[Saved data entries]
=-=-=

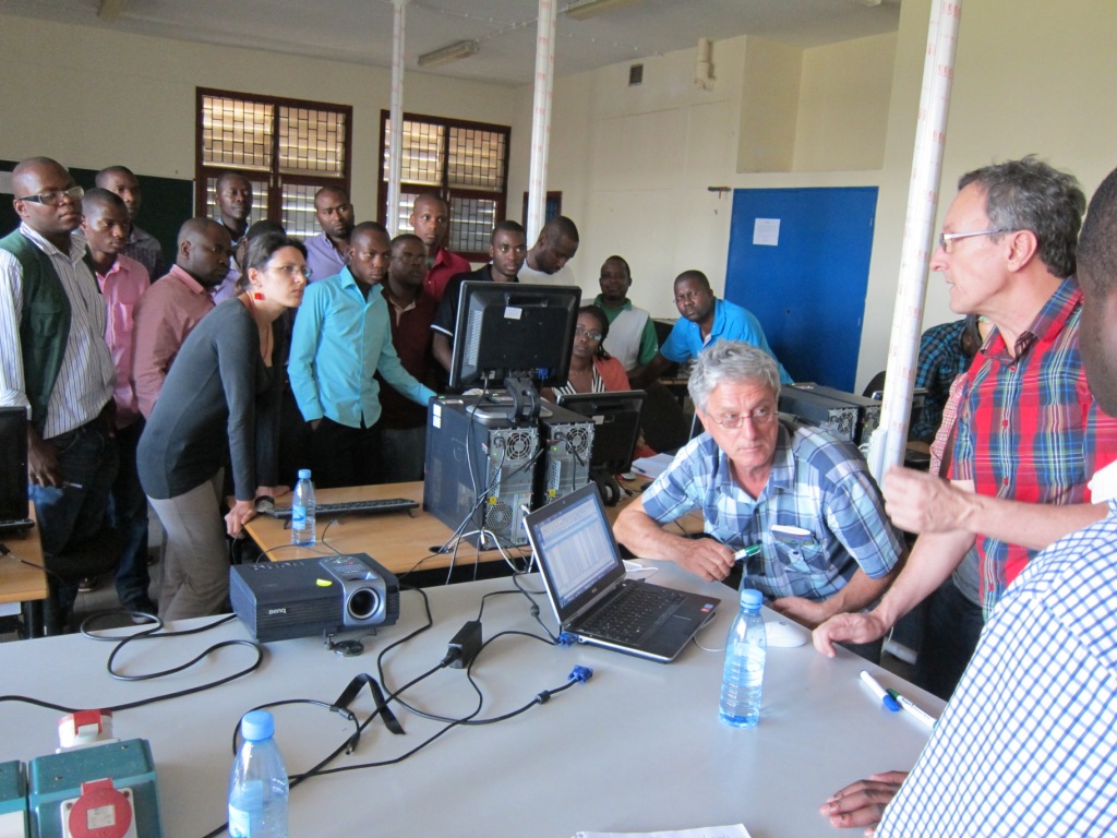 The participants were actively involved in the processing of digital elevation models, rainfall data, satellite imagery and geographic data on infrastructure, utilities and population. The training took place at a computer laboratory of the Eduardo Mondlane University, one year after the mission team of a UN-SPIDER Technical Advisory Mission in 2012 had evaluated the current and potential use of space-based information for disaster management in Mozambique.
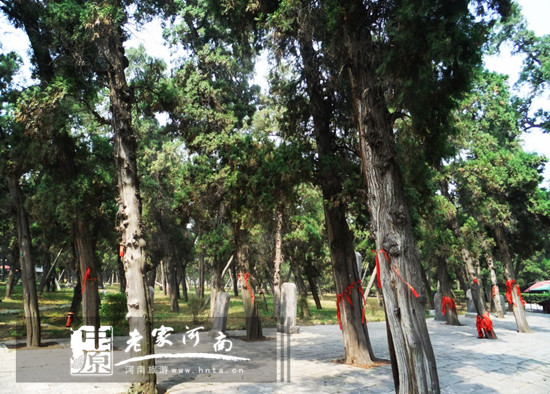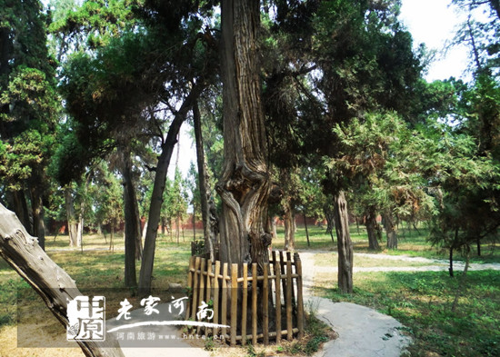 在孟津東漢開國皇帝劉秀的陵園,聚集了一千多棵隋唐所植古柏,這些古柏已歷經(jīng)千百年的風(fēng)雨,依然蓊郁挺拔。大自然的鬼斧神功把它們雕刻的形態(tài)各異、千姿百態(tài),有的如巨龍盤繞、有的象驚鹿探頭,無不形神兼?zhèn)洌钊M生。很多由游客發(fā)現(xiàn)的柏樹上奇觀,如銀蛇纏柏、赤膽忠心,無不惟妙惟肖。我們把這些古柏上的奇觀與劉秀有關(guān)的民間傳說,歷史典故結(jié)合起來,賦予這些古柏更深文化的內(nèi)涵,平添了大家漢陵之旅的樂趣。
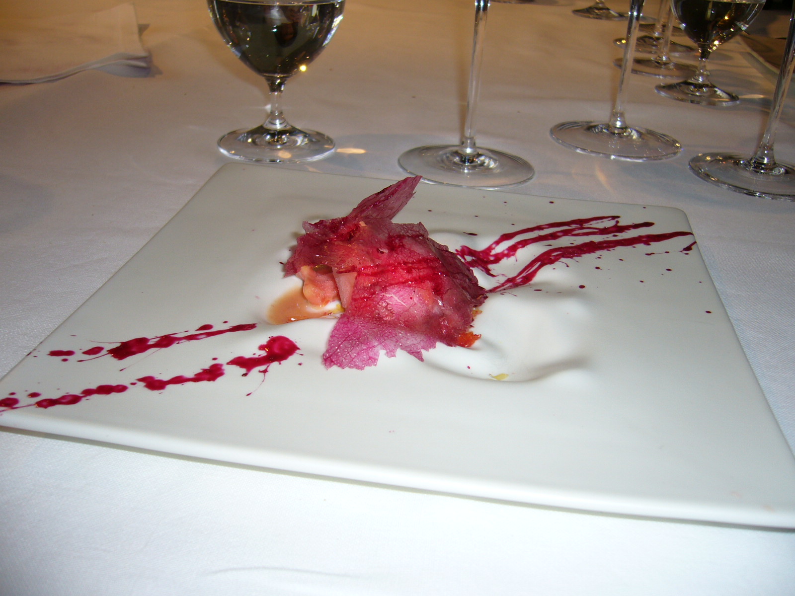 Con respecto a los vinos si te digo la verdad no había probado ninguno de los 11 que bebimos. Conocía a todos los productores, había probado el mismo vino pero de otras añadas (Recaredo, Dom Ruinart, Kastanienbusch, La Grange des Peres, Breuer) y de otros había probado otros vinos del productor (Ganevat, Scavino, Gauby, Raveneau). Con esto quiero decirte que para mí sí que hubo lugar a la sorpresa, pero ten en cuenta que había que elegir el vino no ya pensando en mí, sino en las otras 8 personas que nos acompañaban. Había que elegir vinos originales, distintos, de gran calidad y bien de precio y creo que todos cumplieron con lo previsto. Además fueron consensuados con Pitu que dio su visto bueno y sugirió alguno como los dos últimos tintos.
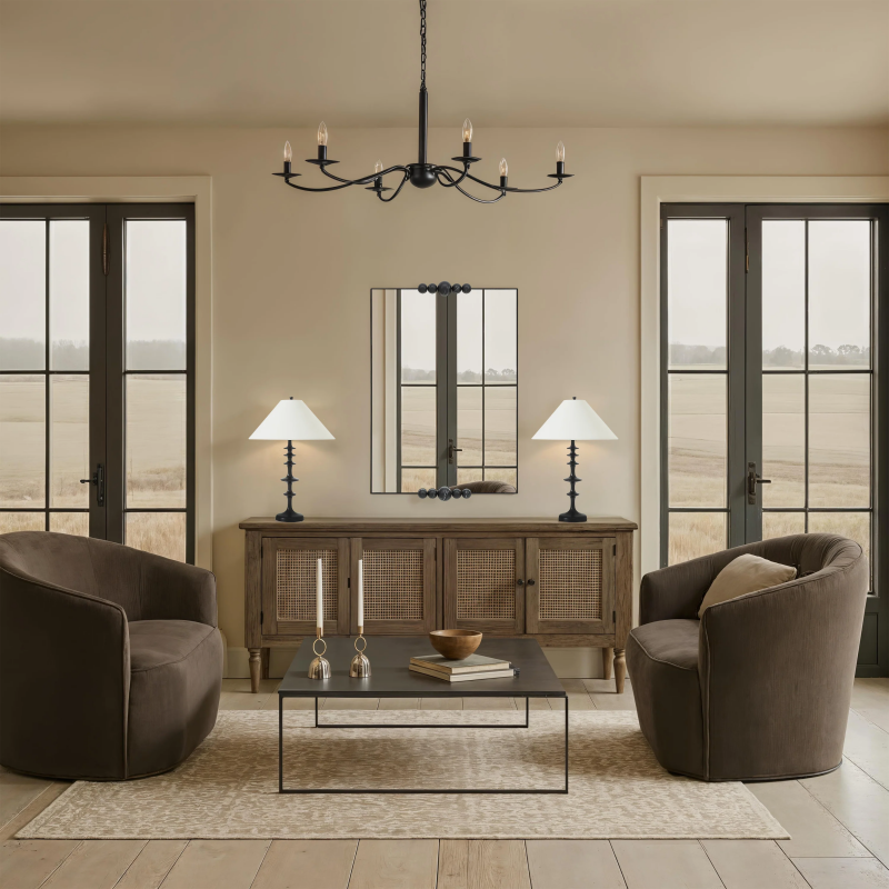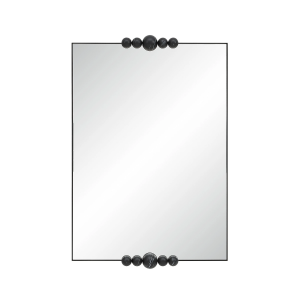 Bring bold character to any modern interior with the Cosmos wall mirror. Its matte black iron frame delivers clean, architectural appeal, while the crystal-clear glass ensures a true, seamless reflection. Accented with sculptural black marbled half-spheres, it introduces subtle artistry and texture. Both stylish and durable, this mirror enhances contemporary spaces with effortless sophistication. Product Details:
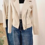 Le perfecto suédine coloré se porte aussi bien sur une robe fluide pour casser un look romantique que sur un jean et un t-shirt pour une allure plus casual. Il devient rapidement un indispensable du dressing grâce à sa polyvalence et à son style affirmé.
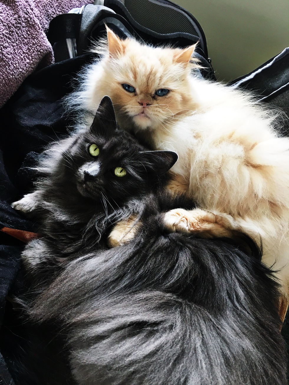 Animal BioBoth BCSPCA rescues, Beverly(grey) loves to find where Frederick(cream) is sleeping, walk right over to him and flip down, not beside him but directly on top of him to snuggle.
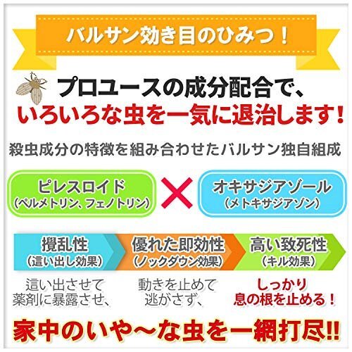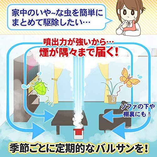 ブランド:バルサン●殺虫くん煙剤のパイオニアとして70年。信頼と実績のバルサンブランドから、さまざまな不快害虫に効く「くん煙剤」が出ました。●バルサン独自の強力な噴射力で、お部屋のスミズミまで煙が届き、隠れた不快害虫によく効きます。●お部屋に発生・侵入する、幅広い種類の不快害虫を、効きめのバルサンが駆除します。●バルサンの高い効き目の秘密は・・・「這い出させる撹乱効果」、「動きを止める即効性」、「しっかり息の...商品サイズ(幅×奥行×高さ):7.8×7.8×10.1cm

=-=-=

Print, exactly, each line above from the one with "Con respecto a" to the one with "Animal BioBoth BCSPCA", end lines included. Leave pictures out of it.

 Con respecto a los vinos si te digo la verdad no había probado ninguno de los 11 que bebimos. Conocía a todos los productores, había probado el mismo vino pero de otras añadas (Recaredo, Dom Ruinart, Kastanienbusch, La Grange des Peres, Breuer) y de otros había probado otros vinos del productor (Ganevat, Scavino, Gauby, Raveneau). Con esto quiero decirte que para mí sí que hubo lugar a la sorpresa, pero ten en cuenta que había que elegir el vino no ya pensando en mí, sino en las otras 8 personas que nos acompañaban. Había que elegir vinos originales, distintos, de gran calidad y bien de precio y creo que todos cumplieron con lo previsto. Además fueron consensuados con Pitu que dio su visto bueno y sugirió alguno como los dos últimos tintos.
 Bring bold character to any modern interior with the Cosmos wall mirror. Its matte black iron frame delivers clean, architectural appeal, while the crystal-clear glass ensures a true, seamless reflection. Accented with sculptural black marbled half-spheres, it introduces subtle artistry and texture. Both stylish and durable, this mirror enhances contemporary spaces with effortless sophistication. Product Details:
 Le perfecto suédine coloré se porte aussi bien sur une robe fluide pour casser un look romantique que sur un jean et un t-shirt pour une allure plus casual. Il devient rapidement un indispensable du dressing grâce à sa polyvalence et à son style affirmé.
 Animal BioBoth BCSPCA rescues, Beverly(grey) loves to find where Frederick(cream) is sleeping, walk right over to him and flip down, not beside him but directly on top of him to snuggle.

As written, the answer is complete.